Sunday, July 13, 2014

the last book I ever read (Martin Van Buren by Ted Widmer, excerpt five)

from Martin Van Buren: The American Presidents Series by Ted Widmer:

One problem, of course, dominated all the others, and it too was brought uncomfortably into the sunlight by the Panic of 1837. Slavery was anything but a tiny defect. It was the most glaringly undemocratic idea in our history, so powerful that we are still wrestling with its legacy in the twenty-first century. But until Van Buren’s administration, it was largely as a matter of public discourse. To be sure, it existed, and Americans knew of it. But it was not generally an issue in political campaigns or newspaper headlines or speeches on the floor of Congress.
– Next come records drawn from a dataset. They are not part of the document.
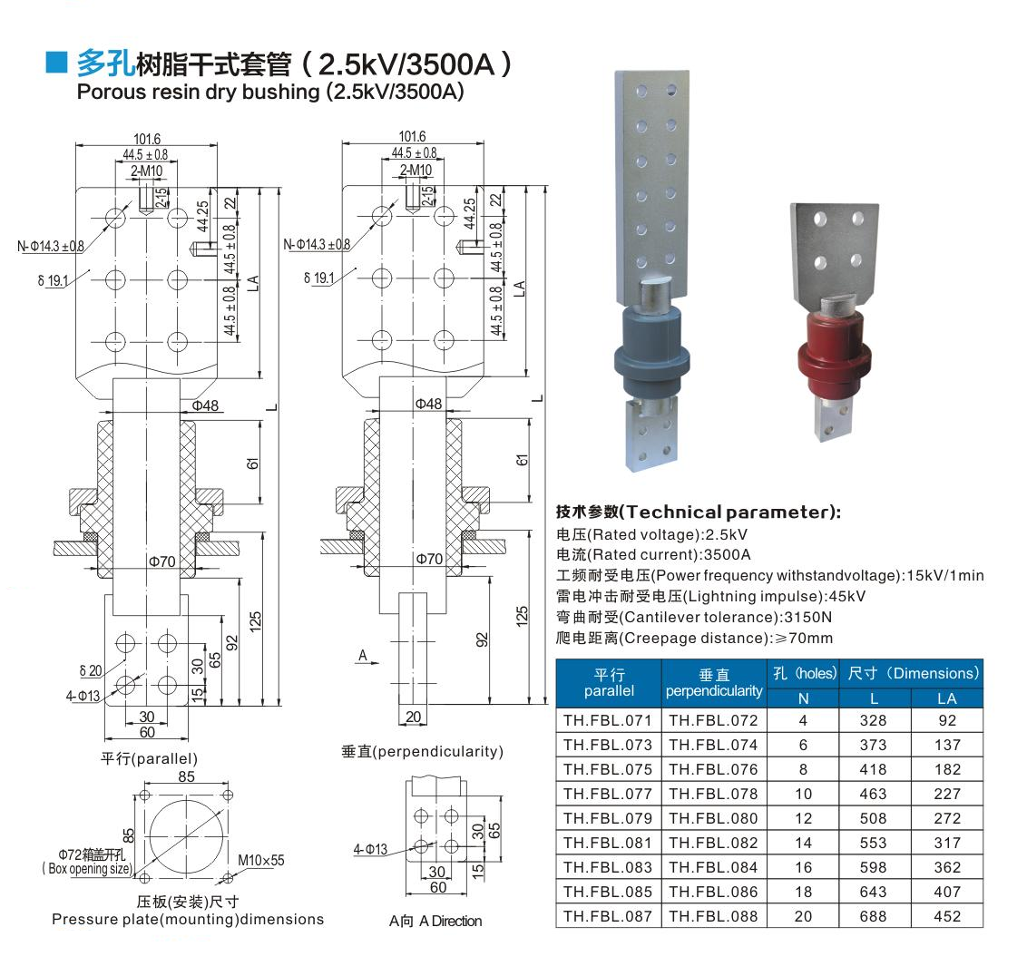 多孔樹脂干式套管2.5kV/3500A
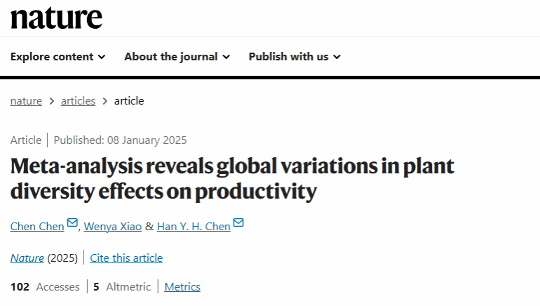 近日,国际顶级学术期刊《自然》(Nature)发表了题为Meta-analysis reveals global variations in plant diversity effects on productivity的研究论文。该论文由加拿大湖首大学(Lakehead University)、乐鱼app官网登录入口及中国科学院植物研究所等多家单位联合完成。中科院植物研究所副研究员陈晨为论文第一作者,乐鱼app官网登录入口环安学院副教授肖文娅为论文第二作者,陈晨与加拿大湖首大学教授Han Y.H. Chen为论文共同通讯作者。
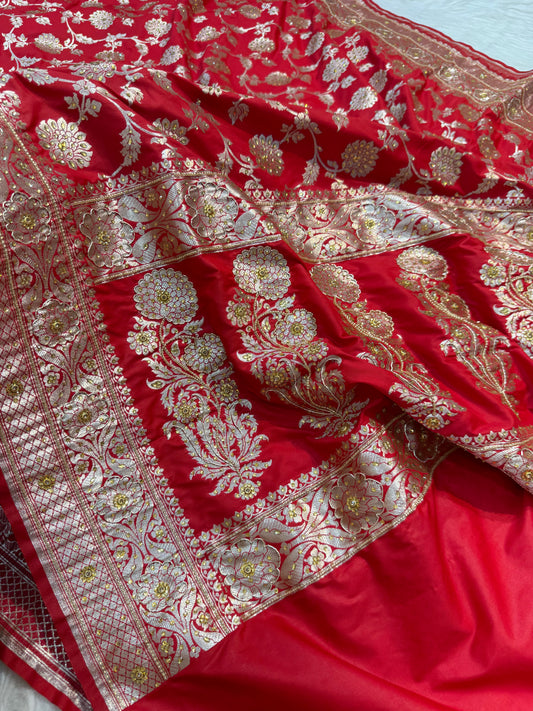 Red wedding Satin katan stone work premium Banarasi silk saree

After the founders failed to resolve the slavery question, predicting that it would disappear naturally over time, it hardened into an impasse, with the South generally prevailing in its desire not to discuss the matter. All that was about to change.

To visit the United States in the 1830s, as many foreign travelers did, was to see two Americas. North of the Mason-Dixon Line, visitors could marvel at all the signs of an aggressively entrepreneurial culture, wheezing and humming in the open air of the bustling nineteenth century. There were railroads, newspapers, cheap books, factories, and a culture of connectedness not too different from what the world feels now in the so-called age of globalization. Business depended on information and speed; all three depended on the railroad—the literal engine of capitalism.

But if that same traveler peered across the invisible boundary separating North and South, he would see a very different world. Instead of machinery, human beings generated the power needed for the local economy to function. Instead of increasing openness and information, a small population of privileged landowners controlled all access to news and political power. Instead of democracy, feudalism prevailed—a feudalism based on race hatred. Visitors noticed, and Americans, always sensitive to foreign opinion, began to ask themselves what kind of country they aspired to be. And so, for this and other reasons, slavery came out from the shadows and into the daylight of American politics.